Then, each BioEntity can have a number of BioSamples. Note that the secondary id is given without the prefix of the secondary ID of the containing BioSample. The BioSample must have a global ID pk, can have extra infos attached (and, of course extra IDs, omitted here).

                "N1": {
                    "pk": "234001",
                    "extraInfo": {
                        "uberonCellSource": "UBERON:0000178"
                    },

Recursively, each BioSample can have a number of TestSamples which can have a number of NGSLibrary’s and MSProteinPool’s.

                    "testSamples": {
                        "DNA1": {
                            "pk": "345001",
                            "extraInfo": { "extractionType": "DNA" },
                            "ngsLibraries": {
                                "WES1": {
                                    "pk": "567001",
                                    "extraInfo": { "libraryType": "WES" }
                                }
                            }
                        }
                    }
                }
            }
        }
    }
}

Sheet Validation

Validation of sample sheets has four steps:

  1. the sheet must be valid JSON,
  2. expansion of JSON pointers { "$ref": "<URL>" } is performed,
  3. the sheet must conform to the JSON schema bundled with biomedsheets (in the future it will be versionised at some URL),
  4. additional validation based on extraInfoDefs is performed.

Steps 1 and 3 can be performed with standard tools or libraries.

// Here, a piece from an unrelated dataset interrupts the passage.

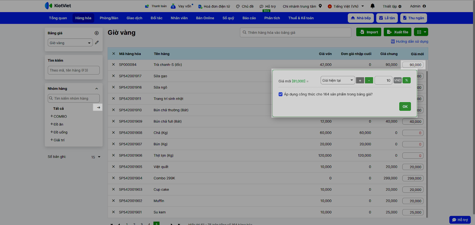 - Để thay đổi giá của món ăn: Tìm món ăn trong bảng giá (theo tên hoặc nhóm hàng) và nhập trực tiếp giá mới vào cột Giá mới. Hệ thống sẽ tự động lưu thay đổi. Bạn có thể áp dụng công thức cho tất cả các sản phẩm trong bảng giá → nhấn OK.
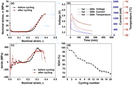 (a) Nominal stress–strain curves, (b) voltage–time, current–time and surface temperature–time curves, and (c) nominal modulus–strain curves of the 18650 lithium-ion battery cells before and after cycling at −20 °C and 0.5 C. (d) The SOH of the cells during the cycling.

Step 2 is relatively easy and the biomedsheets module ships with code for performing this easily (the functionality is available as a Python program as well). Step 4 is not implemented yet.

On the one hand, custom fields allow for the definition of arbitrary “simple” values. Currently, it is possible to have boolean, numbers, strings, enums and lists of the atomic types. On the other hand, using JSON pointers, centrally defined field types can be used. This allows for easy sharing of data types and easier computation.

Predefined Fields

Note

Once stabilized, the common fields will be documented here.

TSV Sample Sheets

Writing sample sheets as TSV (tab-separated values) files is an alternative to writing JSON files. As they can be edited with text editors and spreadsheet programs such as Excel, viewing and modifying TSV files is more convenient than for JSON files.

However, TSV sample sheets do not have a full 1:1 relation to the JSON sample sheets. Rather, they serve as shortcuts for the most important practical cases (germline variants, matched cancer, and (later) relatively simple generic experiments).

Rough Structure

Overall, a TSV sample sheet looks as follows.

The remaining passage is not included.